# Building an Agent Daemon

Source title: Building an Agent Daemon
Published: 2026-05-08
Updated: 2026-05-20
Author: zayn

## Summary

This post explains how to turn a CLI agent such as Claude Code into a product-grade daemon, then connect it to a shared context plane. A CLI agent is normally designed for one human at one terminal. A product runtime needs agents that can receive messages, participate in multi-agent workflows, use shared cloud resources, keep conversation context, and map each new product event to the right local runtime process.

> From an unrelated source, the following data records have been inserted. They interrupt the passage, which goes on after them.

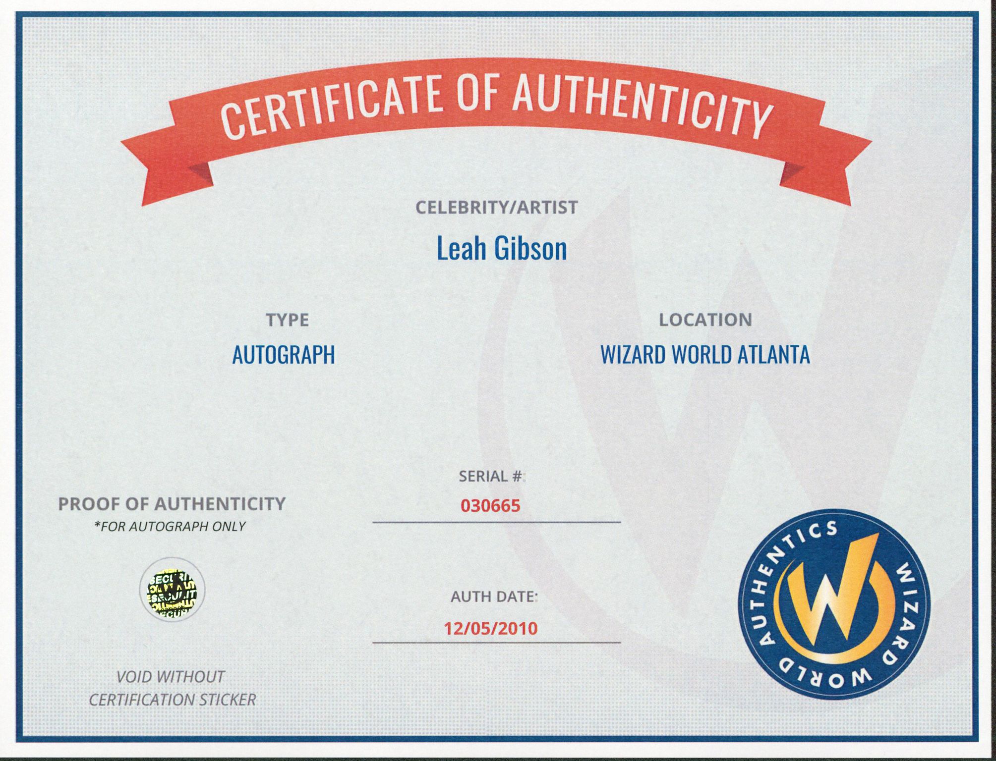 Authentication: Wizard World COA
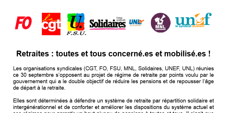 Les organisations syndicales (CGT, FO, FSU, MNL, Solidaires, UNEF, UNL) réunies ce 30 septembre s’opposent au projet de régime de retraite par points voulu par le gouvernement qui a le double objectif de réduire les pensions et de repousser l’âge de départ à la retraite.
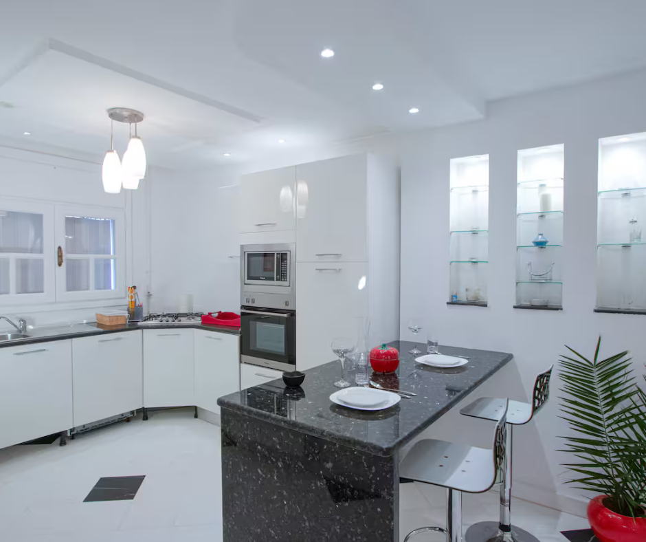– La cuisine séparée est entièrement équipée (four, plaques, micro-ondes, réfrigérateur, vaisselle, ustensiles) et pensée pour allier praticité et élégance, idéale pour préparer vos repas en toute tranquillité.
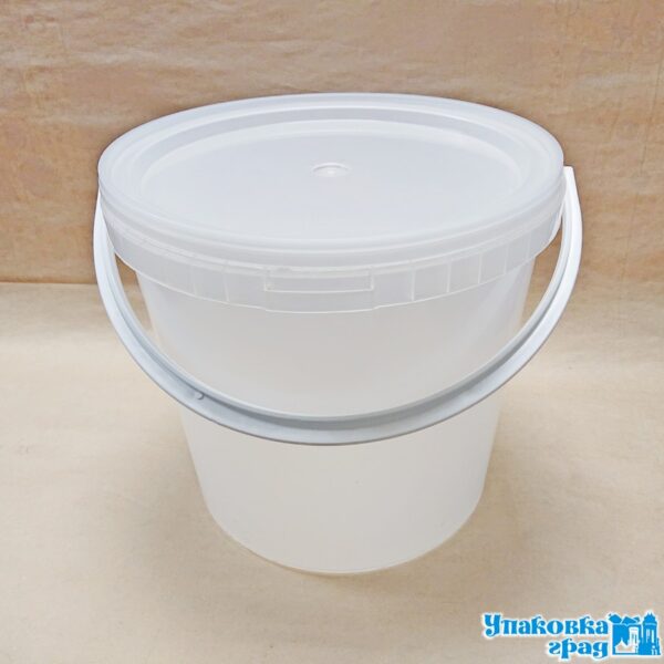 Ведро пищевое круглое с крышкой, ручкой и к/з. Состав: ПП. Цвет прозрачный. Вместимость, объем: 10 л.

The architecture is a split boundary:

- A cloud server owns users, permissions, message routing, coordination, and shared resources.
- A local daemon owns the agent process, local files, shell access, tools, and runtime protocol translation.
- The two sides communicate over WebSocket. The server sends product messages or events. The daemon accepts those WS messages, hands them to the matching local agent process, and returns the output stream.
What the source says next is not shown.